There are many slug deterrent suggestions out there. Any that involve sprinkling the deterrent on the soil such as salt, coffee grounds, wool pellets, or beer doesn't work here on the North West Pacific Coast where rain is a regular occurrence. People have also tried making the ground difficult for the slugs to slide over by sprinkling around plants coffee grounds, eggshells, nutshells, petroleum jelly.... For every suggestion Grandma Google has articles debunking the same.

Last fall I did try putting pots of diluted beer in the garden beds. A few slugs lured by the sweet smell fell in and drowned but the beer also attracted the raccoons who couldn't resist the slug-beer combo and cleaned up both. Gardener friend, Sharon, suggested I try again only to place the beer pots away from the garden beds to lure the slugs in the opposite direction, especially since we haven't seen the raccoons this year, yet.
The raccoons are great slug eaters and rarely disturb a plant when digging for worms so I don't want to deter them.

But they do enjoy tasting a ripe apple. 
One proven way of eliminating slugs is practiced by my sister, the Garden Queen.

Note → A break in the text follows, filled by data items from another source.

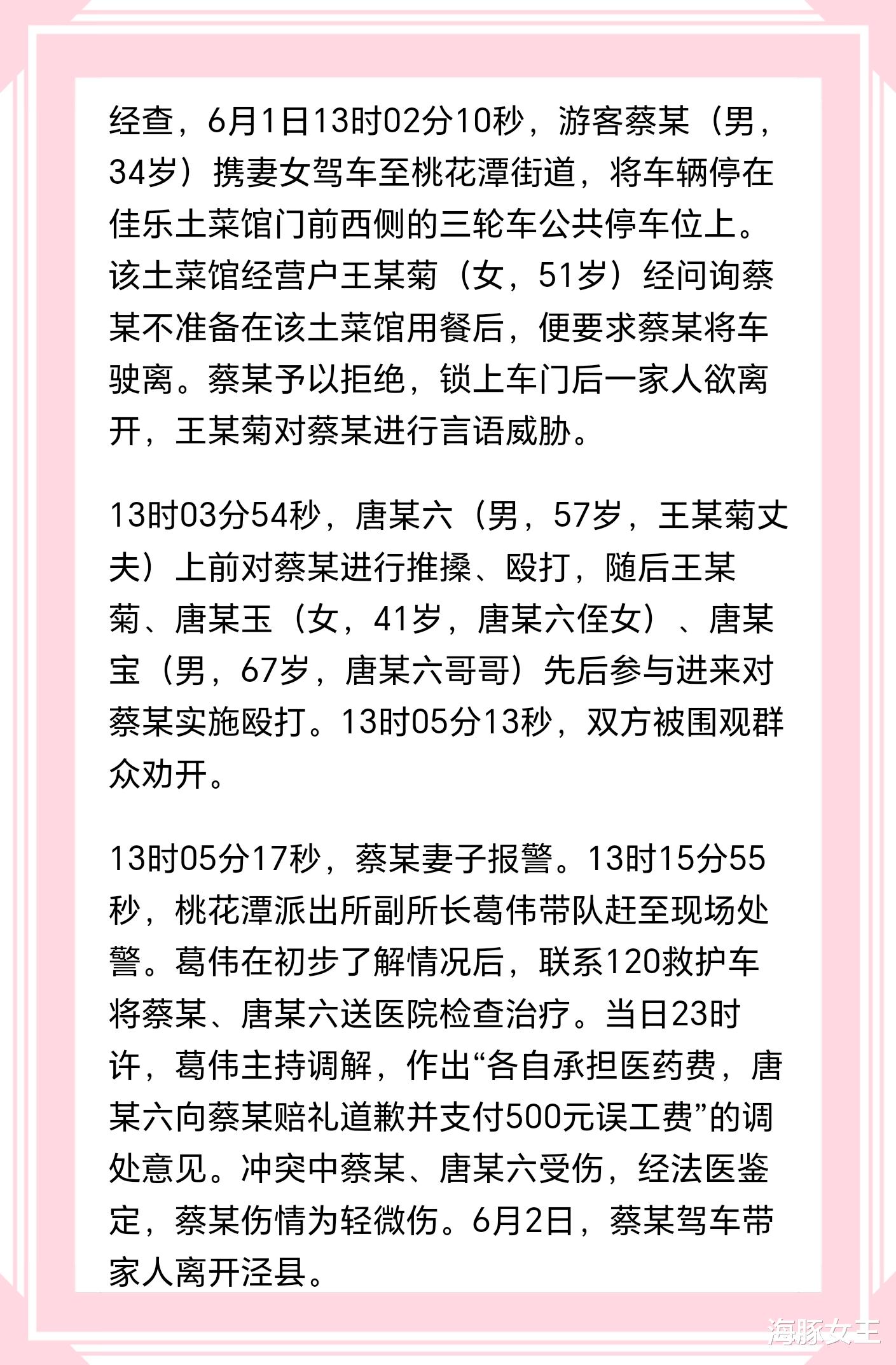 根据知情人爆料,当时蔡某也不是把车停在佳乐土菜馆门前,而是停在了敏敏烧烤门口的停车位,人家烧烤店也没有说啥。
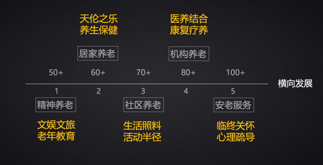 很多人都讲,中老年人就是从50岁左右,一直到80岁。以十年作为一个阶段来讲的话,在每一个年龄阶段他们的追求和诉求是不一样的。比如50岁刚退休的时候他们是自由的时候,所以他们追求精神养老,而在这个当中更大的市场需求是文娱、文旅和老年教育。60岁左右他们更多享受的是居家养老,更希望子女和孙子陪伴在身边,他们开始注重养生和保养。到70岁之后,开始享受社区养老的福利,他们更多需要的是家政服务和上门料理的内容,追求活动半径是越近越好。80岁不再关心哪里好吃或者怎么样,更多进入到机构养老当中,开始了医养结合和慢性疾病为主的康复治疗。到更高龄的阶段是一个安老服务,希望他们人生最后一段能够坦然的面对生命。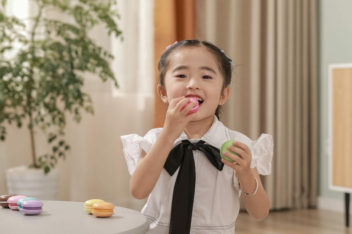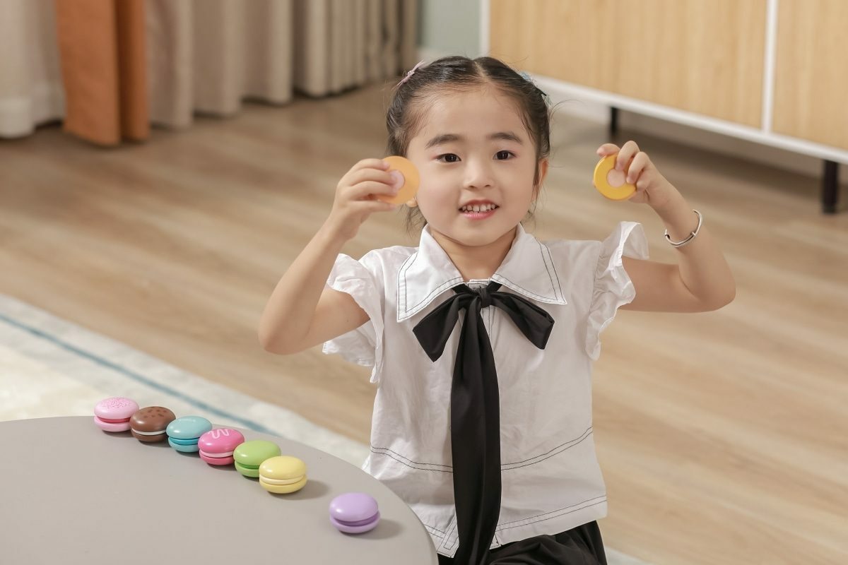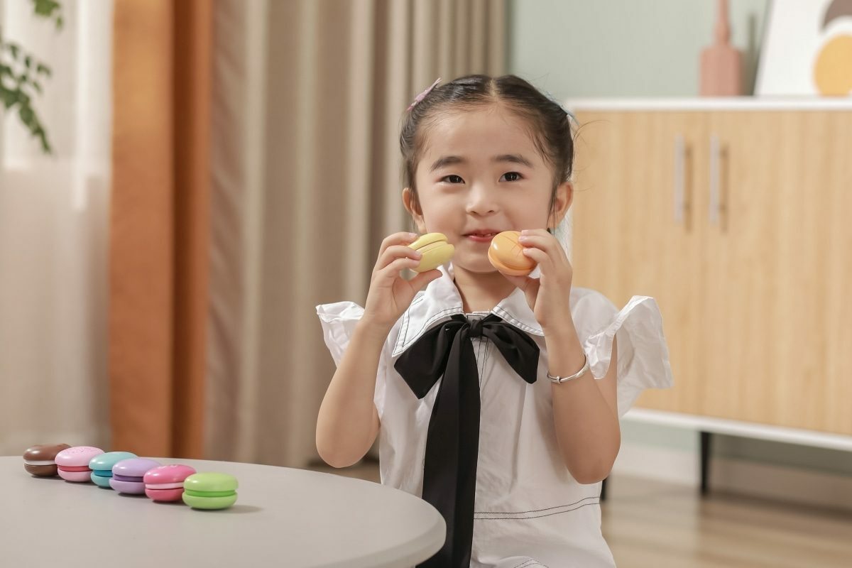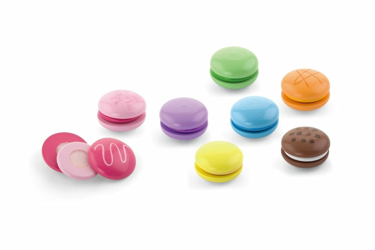 Sada 8 kusů dřevěných makronek. Rozměr jedné makronky cca 4,5 x 3 cm. Rozměry balení cca 30 x 9 x 5 cm. Věk 18m+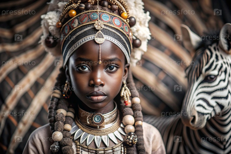 Красивая африканская девушка в традиционном национальном костюме против зебры портрет символизирует традиции и красоту африканского народа
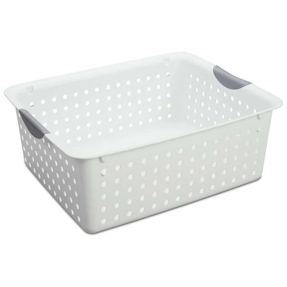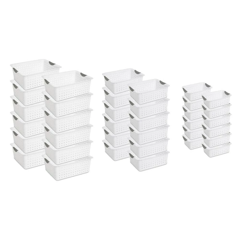 The Large Ultra Basket is ideal for organizing countertops, kitchen cabinets, pantries and shelving around the home. Store vegetables in a pantry, supplies in a bathroom, or organize cleaning supplies under the sink. The contoured handles allow for comfortable transport, and the smooth finish is easy to clean. This bin is ideal for storing CDs, DVDs, laundry, or office supplies too. The Sterilite Large Ultra Basket is ideal for the garage, crafts, toys, games, and fresh pantry items too. This large ultra-basket is ideal for a wide variety of uses. The Ultra basket is also durable with its titanium insert handles. This package also includes 12 medium baskets and 12 small baskets.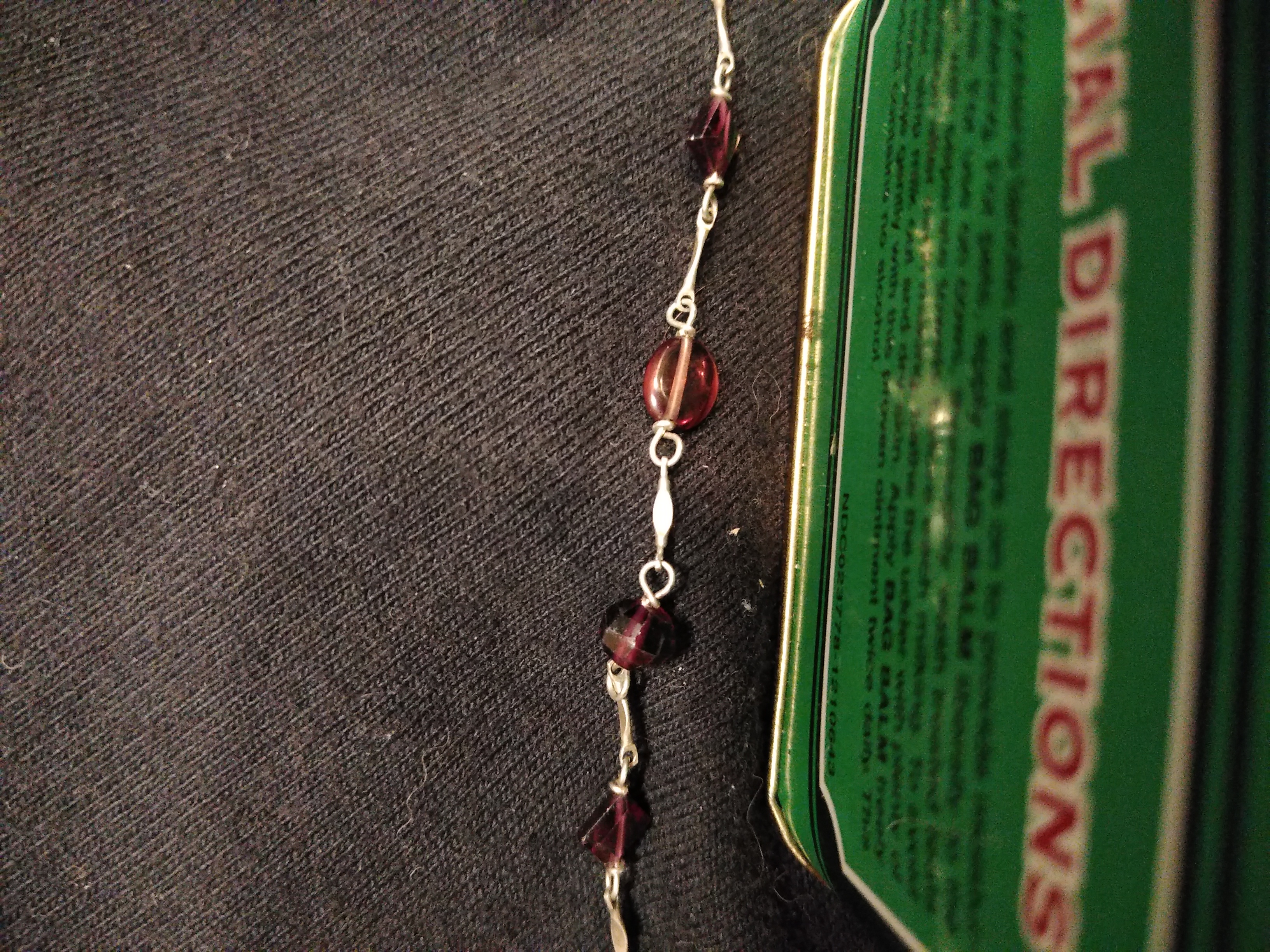 I have a chain without markings that was made completely by hand. You can see all the little strikes used to shape it if you look very very close. It is a link and bar chain I believe. On ever bar is a red gemstone I can only assume we're also shaped with inferior tools. You can also see the marks on the stones where they were cut. I am no expert but from what I can tell it is silver and several hundred years old. I would really like to know how old exactly. I just can't see anyone today putting as many hours that had to have gone into making this piece today.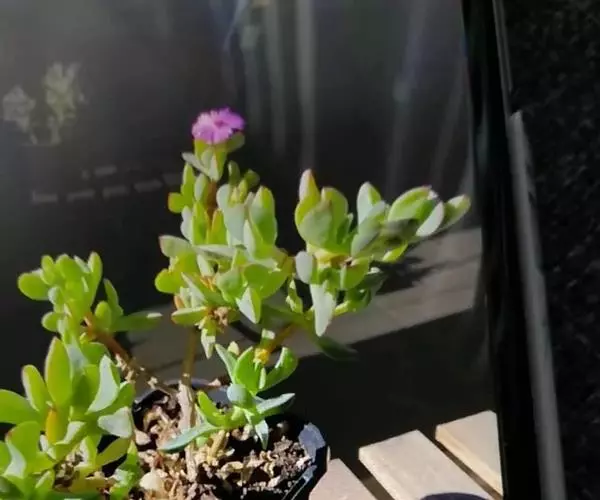 白凤菊(Oscularia pedunculata),别名姬鹿角,番杏科、覆盆花属,原产地位于南非及美国部分沿海地区。喜温暖干燥和阳光充足的环境,耐旱,怕水湿,无明显休眠期。多年生肉质植物,大株植物呈亚灌木状,茎分枝匍匐或直立,老枝茎干呈棕红色,嫩枝稍带浅红色或黄绿色,叶着生于茎节处,肉质多汁具三棱形,边缘有小锯齿,花顶生头状花序,花瓣、花丝呈淡紫色,花药呈黄色,花期春末夏。可通过分株或扦插繁殖。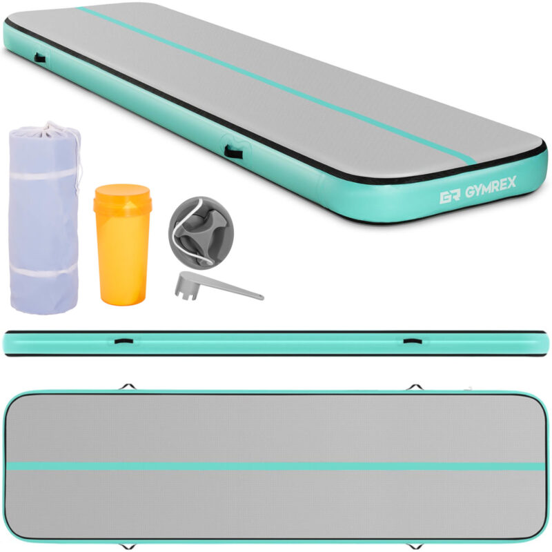 Dmuchany materac gimnastyczny marki Gymrex zapewnia każdemu miłośnikowi aktywności fizycznej wysoki poziom asekuracji podczas wykonywania ćwiczeń. Ze względu na swoją solidność sprawdzi się w klubach fitness, szkołach tańca, salach treningowych, ośrodkach sztuk walki, szkolnych salach gimnastycznych, a także w domu. Po spuszczeniu powietrza łatwo ją przechowasz i przeniesiesz, dzięki zapięciom na rzepy. Mata gimnastyczna została wykonana z trwałego materiału PVC, Nylon 1000 DEN z podwójnymi ściankami. Dzięki zastosowanym materiałom mata dmuchana jest bezpieczna, antypoślizgowa i nie odkształca się. Wytrzymuje ciśnienie do 10 PSI / 0.7 bar. Mata jest prosta w obsłudze, można wypełnić ją powietrzem i spuścić je przy pomocy specjalnej elektrycznej pompki (dostawa jej nie obejmuje). Natomiast, dzięki nylonowym uchwytom wygodnie ją przeniesiesz. Materac akrobatyczny jest bardzo łatwo wyczyścić.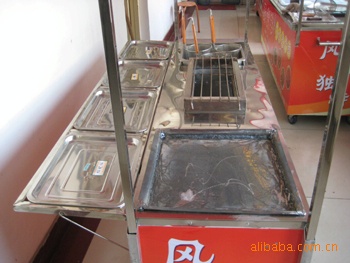 ●两功能小吃车可同时做麻辣烫和油炸小吃、烧烤和铁板烧技术,总之任意两种小吃组合变换,可根据您的需要要订做。

On rainy nights she and her husband make it a date night and venture outside with flashlights/torches to handpick the slugs. This is effective and I have the brave members in my household join me on these nightly forays.
In the meantime, I am holding off on planting out my seedlings until they are a little bigger and their leaves less succulent so they have more of a chance of surviving night-time slug raids.